En las esquinas, unas vallas y unos municipales. Pasan, con
cuentagotas, los coches oficiales: un consejero de la Junta, el
presidente de una caja de ahorros que es sobrino del cardenal
que puso Franco contra Segura, la mujer de un concejal. Todos
llevan en el cristal del parabrisas el cartelito verde pistacho
de un pase de circulación, y algunos, sobre el techo, la
antenita del desactivador electrónico de coches-bomba, será
por aquello de que la Feria la inventó un vasco, cuando los
vascos se dedicaban en Sevilla a fundar ferias y no a asesinar
concejales y médicos militares.
Sé que esta calle es de
Sevilla, aunque lo disimule perfectamente. Es la calle
Asunción. Nunca supe si era por Asunción, la capital del
Paraguay, o por la subida de la Virgen a los barandales del
cielo de Cantillana en la copla de Juanito Valderrama. La
arquitectura de esta calle es lo menos sevillana que se
despacha. Por este barrio difícil y extraño, del que Manuel
Ferrand hizo literatura, se cuenta que una vez, en un congreso
de urbanismo, lo pusieron como ejemplo de lo que no se debe
hacer bajo ningún concepto. No es que sea una arquitectura
extraña: es mala arquitectura la de esta calle por donde
Sevilla va andando a la Feria. Estas fachadas podían ser del
barrio de la Concepción de Madrid.

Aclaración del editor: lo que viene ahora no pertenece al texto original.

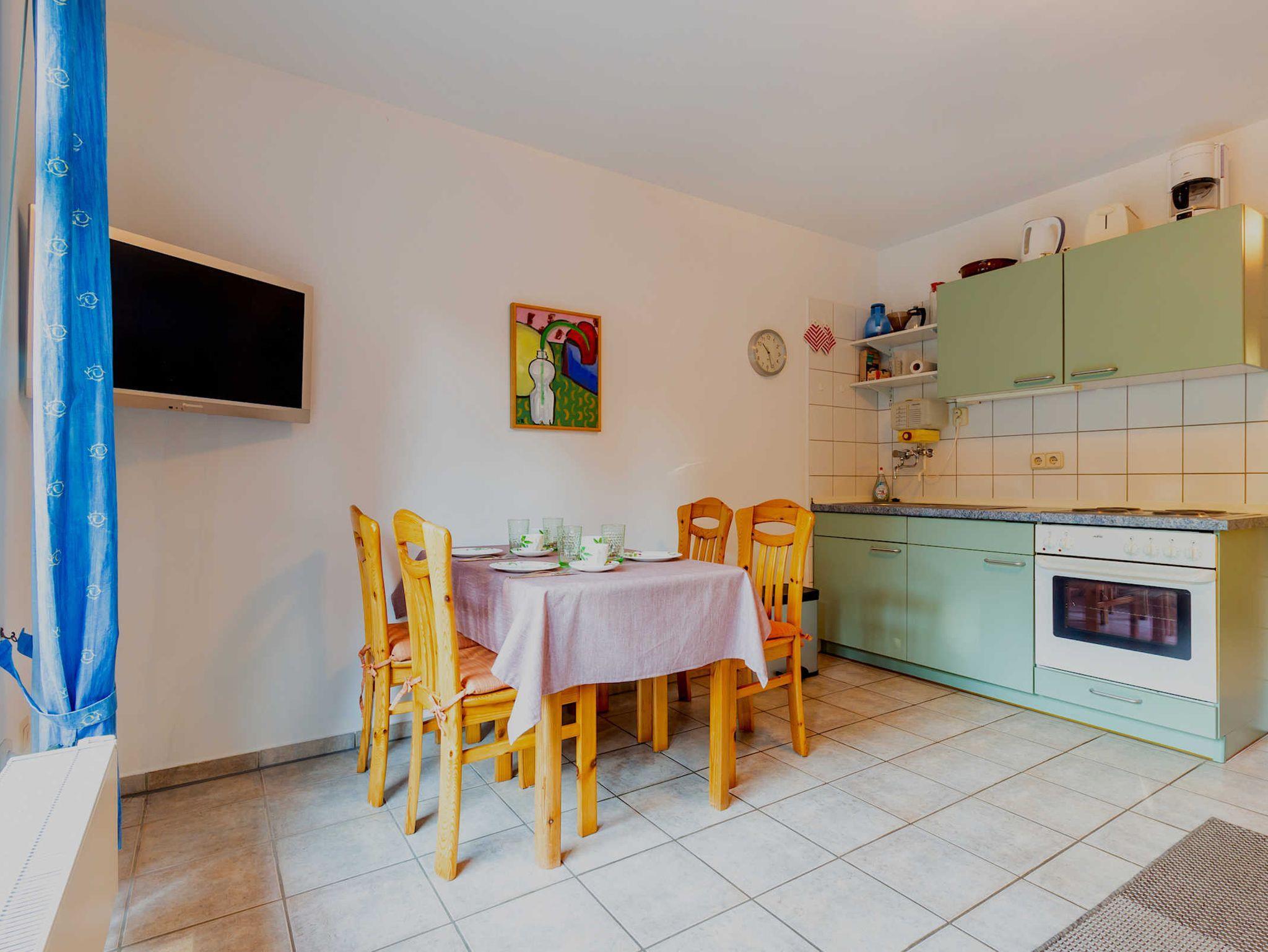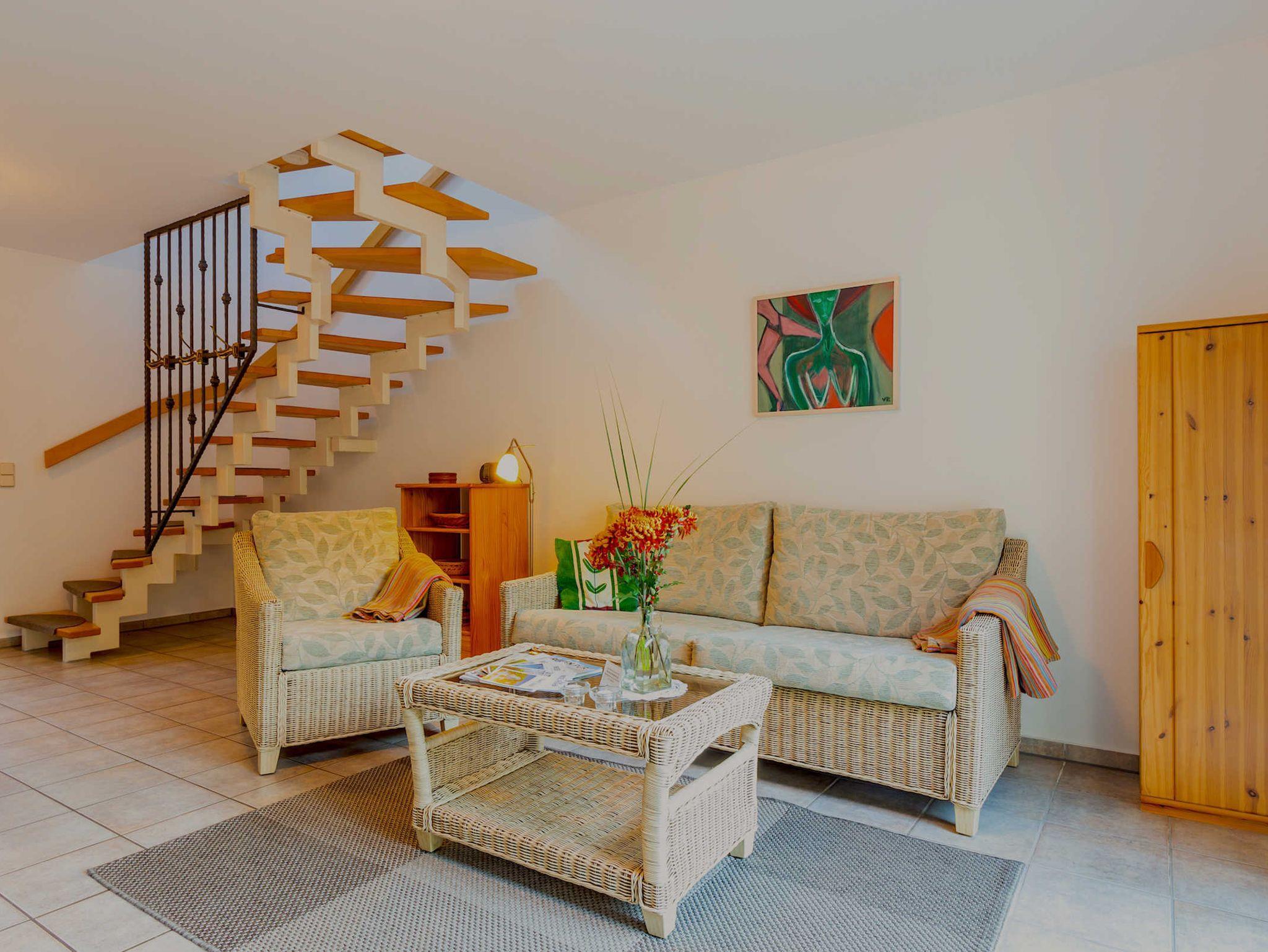Im Ferienhaus des Vermieters befinden sich zwei identisch eingerichtete Ferienwohnungen. Diese haben jeweils eine Größe von ca. 50 qm. Im Erdgeschoss der Wohnung befindet sich jeweils ein Bad mit Dusche/WC, ein großer heller Wohnraum mit komplett ausgestatteter Küchenzeile, einem Essplatz und gemütlicher Sitzecke. Ein Kinderhochstuhl, Fußbodenheizung, Flachbild-TV mit Satellitenempfang und ein kostenloser Internetzugang (DSL) runden die Ausstattung ab.

Si no fuera por estos trajes
de flamenca; por aquel sombrero de ala ancha; por ese coche de
caballos pesetero desde cuyo pescante un turista lo va
retratando todo con las siete mil fotos de la memoria de su
cámara digital; por la ilusión en la mirada de estos niños
que van de la mano de sus abuelos camino de los cacharritos,
nadie diría que esto es Sevilla y que este es el camino de la
Feria. Hay, empero, un signo inconfundible: la alegría en la
cara de la gente, lo bien vestidos que van todos, en esta
sociedad donde cada vez vamos más de trapillo.
Estoy en una esquina de la
calle Asunción, viendo este Guadalquivir humano que desemboca
en la Sanlúcar de la manzanilla de la Feria, y pienso en
aquella otra calle por la que se iba al Prado, en la calle San
Fernando. En la memoria, una copla de cigarreras del Pali.
¡Cómo es de rarita esta ciudad! Hay literatura de una calle
camino de una Feria que ya no existe y nadie le ha escrito un
verso a la calle Asunción. Asunción hace las veces de calle
San Fernando. Hasta está enfilada con la portada, que es la
antigua Fábrica de Tabacos. Una fachada irreconocible, porque
está sacada de canon en la arquitectura efímera. Como es
irreconocible quizá esta ciudad rara y difícil de la Feria, de
mil caras.
Pasa ahora una vespa. El
motorista va perfectamente vestido de corto: su sombrero de ala
ancha, su guayabera de mil ratas, sus calzonas, sus zahones.
Aparca la moto, le echa la llave y se va andando a la Feria,
Asunción arriba. Me quedo de piedra de la Catedral. Pero es que
ahora es una gitana la que trae a la grupa esa otra moto, que
también aparca en Virgen de la Cinta y también se va hacia la
Feria. Pasa un coche de caballos, enganchado al "aquí
estoy yo". Conozco a quien va allí de gran señor,
cincuenta mil duros de traje a medida. No es un cortijero ni un
latifundista. Es uno que fue de Fuerza Nueva y que pegó el
pelotazo con los socialistas cuando el 92. Cuando los turistas
lo vean, creerán que es por lo menos de la Casa de Alba, y no
será ni de papel albal su foto mañana en el periódico, porque
fijo que sale, éste es de los abonados a las fotos. Por Feria
hay abonados a los toros y abonados a salir retratados todos los
días en el periódico. Pero en este periódico que estoy
leyendo no viene aquella calle Asunción, tan real, que vi ayer,
sin famosos y sin coplas. Más que el Real de la Feria me gusta
cada vez más esta feria de la realidad que no sale en los
periódicos.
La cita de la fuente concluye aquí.